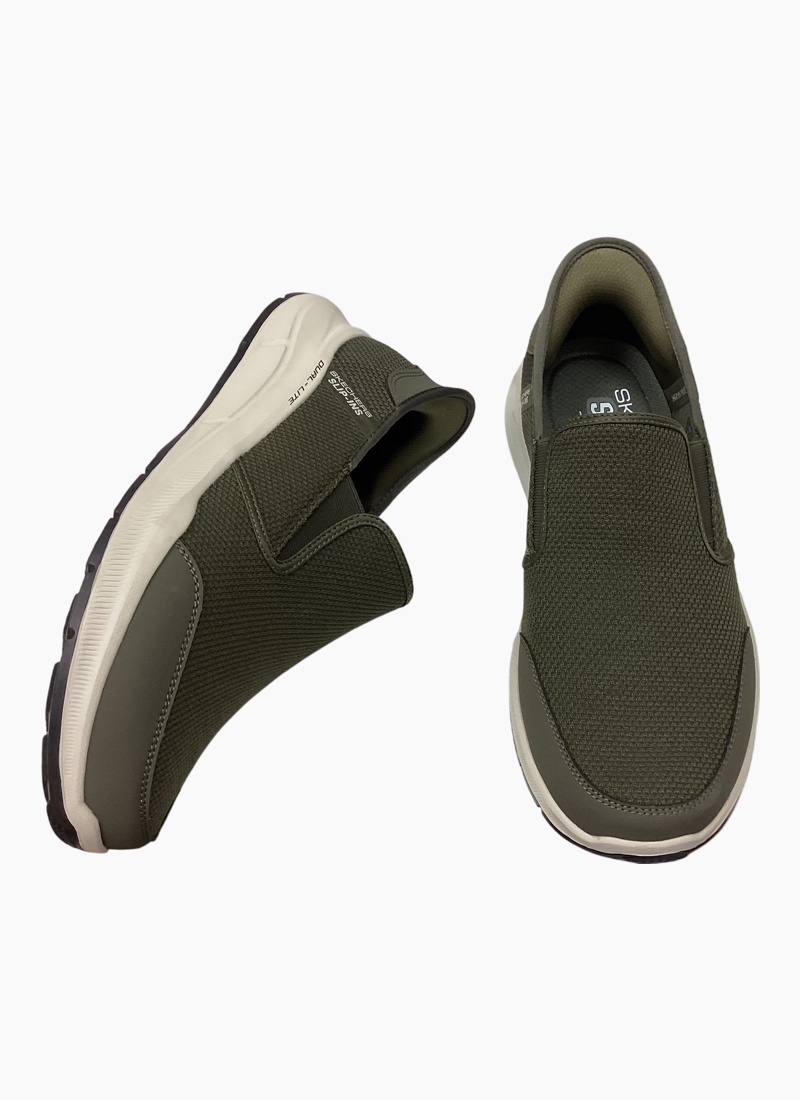 Simply step in and go wearing Skechers Hands Free Slip-ins® Relaxed Fit®: Equalizer 5.0 - Drayze. Designed with our exclusive Heel Pillow™, this laceless slip-on features a yardage mesh upper with synthetic trim and a cushioned Skechers Air-Cooled Memory Foam® comfort insole.
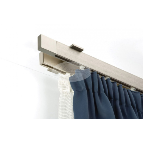A 2 sínes matt ezüst színű mennyezeti Vario tartós design profilkarnis szett tartalma: - 2 db matt ezüst színű belső sínes alumínium profil a kiválasztott hosszúságban - 1 pár Simple végzáró (hossza: 2 mm) + 1 pár Simple vagy Square (40 mm-es) végzáró (v
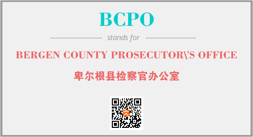 上述内容是“BERGEN COUNTY PROSECUTOR\'S OFFICE”作为“BCPO”的缩写,解释为“卑尔根县检察官办公室”时的信息,以及英文缩略词BCPO所代表的英文单词,其对应的中文拼音、详细解释以及在英文中的流行度和相关分类、应用领域及应用示例等。
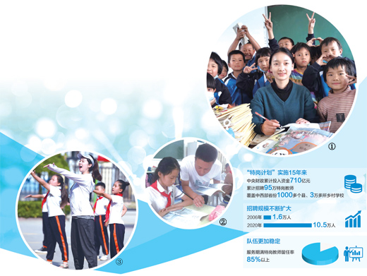 15年來,“特崗計(jì)劃”共為中西部地區(qū)22個(gè)省份1000多個(gè)縣的3萬多所鄉(xiāng)村學(xué)校和教學(xué)點(diǎn)補(bǔ)充95萬名中小學(xué)教師。通過“特崗計(jì)劃”直接或間接補(bǔ)充的教師,是新中國(guó)成立以來數(shù)量最多、學(xué)歷最高、待遇保障最為齊全的新一代鄉(xiāng)村教師。
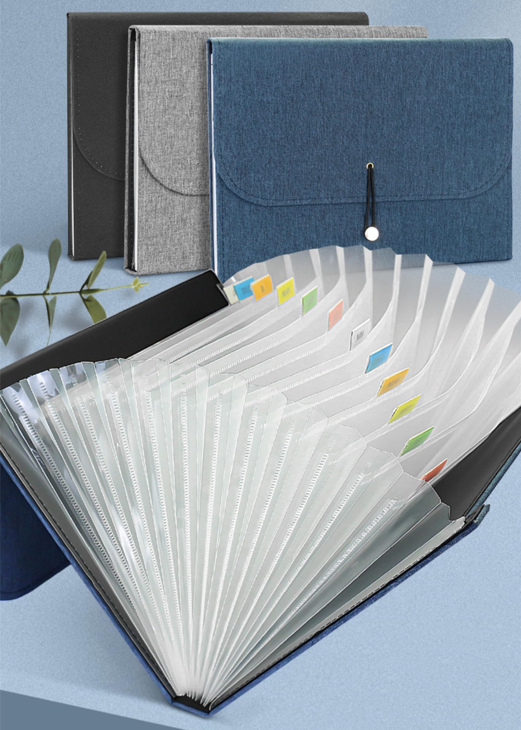 製品詳細<br> 素材:布製PPプラスチック<br> シートサイズ:レター、A4<br> このフォルダーは、商業的な機会、オフィス文書の保管、家庭用文書の保管、就職の面接、学校などに適しています。<br> 旅行や会議など普段使いにも適した薄型フォルダーです。<br> この美しくユニークなファイルフォルダーは実用的なので、友人、教師、同僚、顧客、パートナーへの素晴らしい贈り物です。<br> 書類をよく使う人に最適なA4 ドキュメントファイル 束になったクリアファイルでは書類が見つけにくい・・・、プリントが曲がってる・・・、留めていたクリップが他の資料に引っかかって取れた・・・etc。GEMZISのドキュメントファイル 書類収納ケースを使うことでこのような煩わしさから解放されます。書類をきっちり分類し、クリアファイルもそのまま収納可能。書類をまとめて持ち運びでき、お目当ての書類をすぐに取り出すことができます。あの資料を持ったっけ?がなくなる安心感をぜひ味わってください。<br> 今までになかった高級感のあるハードカバー製 今までの書類ケースのイメージを覆すそのシンプルでクールなデザインはさまざまなシーンで好印象を与えることができます。一般的な全面ポリプロピレン(PP)製のドキュメントファイルと比較し高い耐久性を誇るハードカバーは防水性能も備えています。ワンタッチで開閉できるストラップにより、書類が多くてボタンを留められないということもありません。スマートに書類の出し入れが可能です。<br> 使うシーンを選ばないユニセックスデザイン 持ち運びに特化したスリムタイプのデザインなのにしっかり書類を収納できます。サイズは約33cm x 24.5cm x 3cm。収納力を確保しながらも厚みを抑え引っかかりなくカバンへも出し入れできます。洗練されたユニセックスデザインの外観により、営業や学校のプリントの収納などシーンを選ばずお使いいただけます。毎日使う書類ケースだからこそいい物を使いたい方にぴったりの製品です。<br> すぐに見つかる!書類をスマートに出し入れ可能な仕切り スリムタイプなのにしっかりと開くことのできるアコーディオンタイプのじゃばら仕切りにより、目的の書類を素早く見つけることができます。13ポケットあるので12月別+アルファで整理したり、会議や授業別に合わせて書類を分類できます。 また本製品にはカラフルなインデックススリットを付属しています。付け替え可能なので分類用途が変わっても目的に応じてインデックスを整理できます。裏面は平らな構造になっているので、膝の上でバインダーがわりに書類に書き込むことも可能。プレゼン資料やテキストなど持ち物が多い学生にもぴったりです。<br> 細部のこだわりのロールアップ構造。A4クリアファイルも入るサイズと高い耐久性 仕切りはしっかりした厚みがあるのでペラペラして書類を入れにくいということもありません。また、ファイルポケット上部のエッジ部分はロールアップ構造により耐久性を高め手を切ったりケガの心配もありません。A4サイズのプリントやA4クリアファイルを折りたたまずにきれいに収納できます。

Activity: Restate each of the entries above word for word and skip every image.

The completed task:
 Simply step in and go wearing Skechers Hands Free Slip-ins® Relaxed Fit®: Equalizer 5.0 - Drayze. Designed with our exclusive Heel Pillow™, this laceless slip-on features a yardage mesh upper with synthetic trim and a cushioned Skechers Air-Cooled Memory Foam® comfort insole.
A 2 sínes matt ezüst színű mennyezeti Vario tartós design profilkarnis szett tartalma: - 2 db matt ezüst színű belső sínes alumínium profil a kiválasztott hosszúságban - 1 pár Simple végzáró (hossza: 2 mm) + 1 pár Simple vagy Square (40 mm-es) végzáró (v
 上述内容是“BERGEN COUNTY PROSECUTOR\'S OFFICE”作为“BCPO”的缩写,解释为“卑尔根县检察官办公室”时的信息,以及英文缩略词BCPO所代表的英文单词,其对应的中文拼音、详细解释以及在英文中的流行度和相关分类、应用领域及应用示例等。
 15年來,“特崗計(jì)劃”共為中西部地區(qū)22個(gè)省份1000多個(gè)縣的3萬多所鄉(xiāng)村學(xué)校和教學(xué)點(diǎn)補(bǔ)充95萬名中小學(xué)教師。通過“特崗計(jì)劃”直接或間接補(bǔ)充的教師,是新中國(guó)成立以來數(shù)量最多、學(xué)歷最高、待遇保障最為齊全的新一代鄉(xiāng)村教師。
 製品詳細<br> 素材:布製PPプラスチック<br> シートサイズ:レター、A4<br> このフォルダーは、商業的な機会、オフィス文書の保管、家庭用文書の保管、就職の面接、学校などに適しています。<br> 旅行や会議など普段使いにも適した薄型フォルダーです。<br> この美しくユニークなファイルフォルダーは実用的なので、友人、教師、同僚、顧客、パートナーへの素晴らしい贈り物です。<br> 書類をよく使う人に最適なA4 ドキュメントファイル 束になったクリアファイルでは書類が見つけにくい・・・、プリントが曲がってる・・・、留めていたクリップが他の資料に引っかかって取れた・・・etc。GEMZISのドキュメントファイル 書類収納ケースを使うことでこのような煩わしさから解放されます。書類をきっちり分類し、クリアファイルもそのまま収納可能。書類をまとめて持ち運びでき、お目当ての書類をすぐに取り出すことができます。あの資料を持ったっけ?がなくなる安心感をぜひ味わってください。<br> 今までになかった高級感のあるハードカバー製 今までの書類ケースのイメージを覆すそのシンプルでクールなデザインはさまざまなシーンで好印象を与えることができます。一般的な全面ポリプロピレン(PP)製のドキュメントファイルと比較し高い耐久性を誇るハードカバーは防水性能も備えています。ワンタッチで開閉できるストラップにより、書類が多くてボタンを留められないということもありません。スマートに書類の出し入れが可能です。<br> 使うシーンを選ばないユニセックスデザイン 持ち運びに特化したスリムタイプのデザインなのにしっかり書類を収納できます。サイズは約33cm x 24.5cm x 3cm。収納力を確保しながらも厚みを抑え引っかかりなくカバンへも出し入れできます。洗練されたユニセックスデザインの外観により、営業や学校のプリントの収納などシーンを選ばずお使いいただけます。毎日使う書類ケースだからこそいい物を使いたい方にぴったりの製品です。<br> すぐに見つかる!書類をスマートに出し入れ可能な仕切り スリムタイプなのにしっかりと開くことのできるアコーディオンタイプのじゃばら仕切りにより、目的の書類を素早く見つけることができます。13ポケットあるので12月別+アルファで整理したり、会議や授業別に合わせて書類を分類できます。 また本製品にはカラフルなインデックススリットを付属しています。付け替え可能なので分類用途が変わっても目的に応じてインデックスを整理できます。裏面は平らな構造になっているので、膝の上でバインダーがわりに書類に書き込むことも可能。プレゼン資料やテキストなど持ち物が多い学生にもぴったりです。<br> 細部のこだわりのロールアップ構造。A4クリアファイルも入るサイズと高い耐久性 仕切りはしっかりした厚みがあるのでペラペラして書類を入れにくいということもありません。また、ファイルポケット上部のエッジ部分はロールアップ構造により耐久性を高め手を切ったりケガの心配もありません。A4サイズのプリントやA4クリアファイルを折りたたまずにきれいに収納できます。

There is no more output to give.